Che le idee, anche quelle complesse, potessero essere discusse con il linguaggio diretto popolare, senza ricorrere a quello oscuro dei chierici, era convinzione diffusa dai tempi della rivoluzione politica del 1776, dei grandi successi di diffusione e influenza del Common Sense di Tom Paine. E prima e dopo il 1776, dai tempi dei grandi risvegli religiosi anti-gerarchici e anti-clericali.

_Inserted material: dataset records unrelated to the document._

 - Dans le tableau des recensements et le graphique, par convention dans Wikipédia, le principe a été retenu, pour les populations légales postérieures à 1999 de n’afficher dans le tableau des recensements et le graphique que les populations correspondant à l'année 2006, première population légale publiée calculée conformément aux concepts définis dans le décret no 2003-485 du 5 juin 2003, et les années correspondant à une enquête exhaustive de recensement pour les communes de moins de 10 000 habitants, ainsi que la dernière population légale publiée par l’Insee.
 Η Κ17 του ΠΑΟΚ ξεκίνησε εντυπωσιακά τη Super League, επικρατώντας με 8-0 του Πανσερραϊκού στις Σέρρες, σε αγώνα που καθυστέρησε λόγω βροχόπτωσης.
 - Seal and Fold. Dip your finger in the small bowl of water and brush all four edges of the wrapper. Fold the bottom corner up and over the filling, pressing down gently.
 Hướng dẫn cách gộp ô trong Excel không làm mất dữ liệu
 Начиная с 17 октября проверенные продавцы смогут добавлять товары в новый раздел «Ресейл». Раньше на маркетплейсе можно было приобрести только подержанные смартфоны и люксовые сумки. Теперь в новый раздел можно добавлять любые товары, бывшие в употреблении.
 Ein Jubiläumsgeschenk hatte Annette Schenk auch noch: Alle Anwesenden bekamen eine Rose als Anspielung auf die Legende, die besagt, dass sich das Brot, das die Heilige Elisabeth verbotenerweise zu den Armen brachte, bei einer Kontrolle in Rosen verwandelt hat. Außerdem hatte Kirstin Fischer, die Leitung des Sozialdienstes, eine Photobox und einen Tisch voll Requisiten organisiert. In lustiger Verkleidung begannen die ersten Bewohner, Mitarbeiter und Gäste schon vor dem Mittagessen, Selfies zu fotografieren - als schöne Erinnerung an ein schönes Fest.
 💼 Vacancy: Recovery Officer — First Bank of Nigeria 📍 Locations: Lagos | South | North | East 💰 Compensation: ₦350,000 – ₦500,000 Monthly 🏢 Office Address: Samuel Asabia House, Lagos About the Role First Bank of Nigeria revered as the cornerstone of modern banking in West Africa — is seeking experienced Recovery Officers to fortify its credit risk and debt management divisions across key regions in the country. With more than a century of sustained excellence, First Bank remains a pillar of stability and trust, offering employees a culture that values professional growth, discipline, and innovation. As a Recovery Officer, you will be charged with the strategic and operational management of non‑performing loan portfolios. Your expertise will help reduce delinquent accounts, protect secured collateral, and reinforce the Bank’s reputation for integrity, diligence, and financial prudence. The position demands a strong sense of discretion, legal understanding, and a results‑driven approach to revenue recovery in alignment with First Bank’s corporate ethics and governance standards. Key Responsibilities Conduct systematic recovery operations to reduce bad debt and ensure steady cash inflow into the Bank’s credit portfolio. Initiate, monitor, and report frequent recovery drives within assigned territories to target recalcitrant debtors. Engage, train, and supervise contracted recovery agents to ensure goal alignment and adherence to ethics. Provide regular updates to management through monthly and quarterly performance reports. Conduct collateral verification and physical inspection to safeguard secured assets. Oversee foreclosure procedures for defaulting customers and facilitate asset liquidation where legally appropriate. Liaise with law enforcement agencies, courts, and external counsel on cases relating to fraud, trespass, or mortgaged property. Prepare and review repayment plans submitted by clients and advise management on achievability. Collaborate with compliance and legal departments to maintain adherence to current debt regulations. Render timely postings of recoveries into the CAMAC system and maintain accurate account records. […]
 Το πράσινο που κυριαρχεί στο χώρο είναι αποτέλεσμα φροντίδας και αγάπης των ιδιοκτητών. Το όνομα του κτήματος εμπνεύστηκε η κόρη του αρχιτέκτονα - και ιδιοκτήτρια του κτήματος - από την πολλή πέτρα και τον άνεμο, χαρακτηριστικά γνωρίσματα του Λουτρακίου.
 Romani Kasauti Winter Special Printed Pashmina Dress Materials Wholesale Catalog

Tutto ciò era vero anche per i cittadini lavoratori e i cittadini agricoltori che erano capaci di auto-organizzarsi nel labor movement e nel People’s Party, includendo nei loro ranghi degli intellettuali riformatori ma senza dipenderne (questo era il caso, per i Populisti, di Ignatius Donnelly, lo scrittore e politico che aveva preparato il loro programma). Si trattava infatti di movimenti di popolo, non di movimenti che volevano andare verso il popolo.

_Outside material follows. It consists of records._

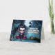 Lägg till en touch av spöklik kul till din Halloween-firande med detta bedårande vampyrkort! Med en söt vampyrkaraktär som står framför ett spökhus och en kyrkogård, och en lekfull fladdermus som bär en pumpa ovanför, är detta kort perfekt för vänner och familj. Det interna meddelandet önskar en "fantastisk Halloween", vilket gör det till ett förtjusande och minnesvärt sätt att sprida högtidsglädje.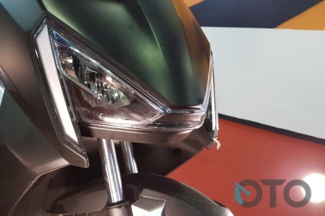 Desain fasadnya kental dengan konsep futuristik. Namun sayang, hal itu jadi kurang menarik karena lampu utama dan sein masih menggunakan bohlam. Di tepi bagian lampu utama terdapat lampu senja berwarna putih memanjang, ini sudah LED. Windshieldnya mempunyai jarak cukup jauh dari bagian pencahayaan. Desainnya dibuat mengambang alias tidak menempel dengan tameng depan.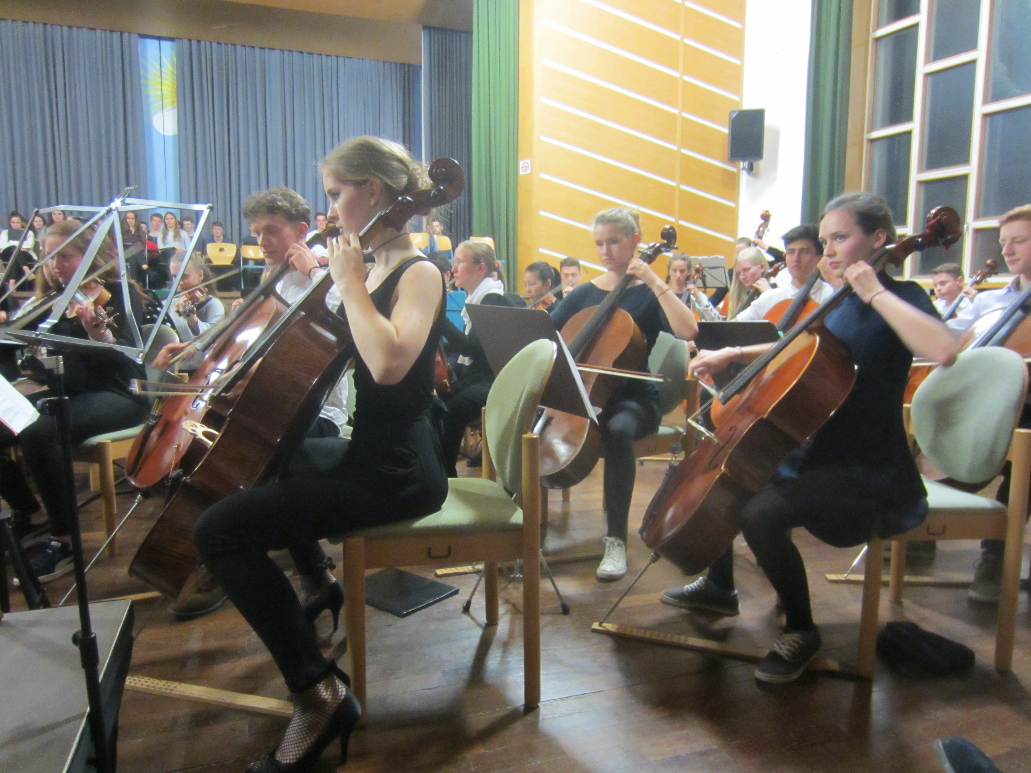 Das Vororchester der Klassen fünf bis acht eröffnete seinen Part des Konzerts mit kräftigen Paukenschlägen. Die Celli riefen eine düstere Atmosphäre hervor, welche mit den lieblichen Melodien der Geigen eine perfekte Mischung ergab.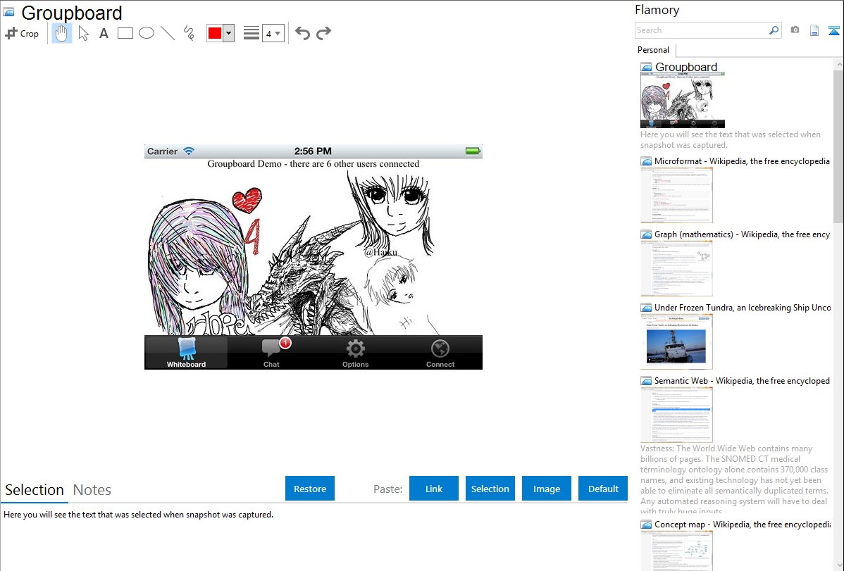 Flamory helps you capture and store screenshots from Groupboard by pressing a single hotkey. It will be saved to a history, so you can continue doing your tasks without interruptions. Later, you can edit the screenshot: crop, resize, add labels and highlights. After that, you can paste the screenshot into any other document or e-mail message.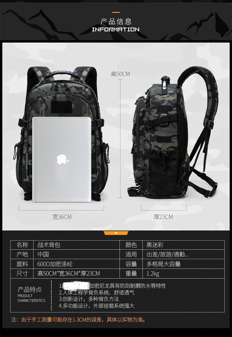Mochila para Hombre para Exterior Táctica Mochila Bolsa de Montañismo Gran Capacidad Deportiva Camuflaje Bolsa Escolar Bolsa de Equipaje para Camping Cojín de Aire

Fu con gli anni venti del Novecento, in un contesto storico molto diverso, che emerse un nuovo anti-intellettualismo come discorso di contrapposizione radicale fra popolo e intellettuali. E certo vi contribuirono alcuni vecchi Populisti insieme a nuove tendenze religiose, che allora presero il nome di “fondamentaliste”, e a vecchi-nuovi razzismi. Un uomo come William Jennings Bryan, un leader Democratico più volte candidato alla presidenza, nel 1896 candidato anche a nome del People’s Party, poteva allora denunciare gli intellettuali come una élite arrogante, una “little irresponsible oligarchy of self-styled ‘intellectuals’”, un “scientific soviet” che coltivava le fredde ragioni della scienza contro quelle calde popolari del cuore. Bryan poteva dire: “Mind worship is the great sin in the intellectual world today”.

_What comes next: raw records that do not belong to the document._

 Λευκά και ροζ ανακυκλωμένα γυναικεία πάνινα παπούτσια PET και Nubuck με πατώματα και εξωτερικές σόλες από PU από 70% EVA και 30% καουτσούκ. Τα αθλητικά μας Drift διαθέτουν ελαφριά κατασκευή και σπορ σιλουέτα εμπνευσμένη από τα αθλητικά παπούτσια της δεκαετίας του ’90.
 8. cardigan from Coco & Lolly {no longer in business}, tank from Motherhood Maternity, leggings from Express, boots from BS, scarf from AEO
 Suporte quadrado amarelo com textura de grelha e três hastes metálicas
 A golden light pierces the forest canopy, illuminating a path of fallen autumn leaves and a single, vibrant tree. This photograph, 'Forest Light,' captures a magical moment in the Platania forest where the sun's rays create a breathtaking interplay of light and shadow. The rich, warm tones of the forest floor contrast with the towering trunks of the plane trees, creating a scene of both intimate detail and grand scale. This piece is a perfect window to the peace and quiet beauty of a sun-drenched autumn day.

Nella sua forma più estrema e morbosa fu il Ku Klux Klan a concettualizzare il problema come un “new type of warfare”. Nelle parole di Hiram Evans, l’Imperial Wizard and Emperor of the Knights of the Ku Klux Klan, insomma il gran capo della ditta, quella guerra era combattuta, da una parte, da “the plain people” – ora intesi come il popolo di razza nordica, un po’ rozzo, non troppo istruito e non troppo intellettualizzato, magari da altri ridicolizzato come “drivers of second hand Fords”, ma autentico, non corrotto e “not de-Americanized”. Dall’altra parte c’erano gli intellettuali – ora definiti come traditori dell’americanismo, amanti più degli stranieri che dei loro stessi figli e della loro stessa razza. Negli anni venti, in certe aree della società americana, gli intellettuali erano diventati un-American.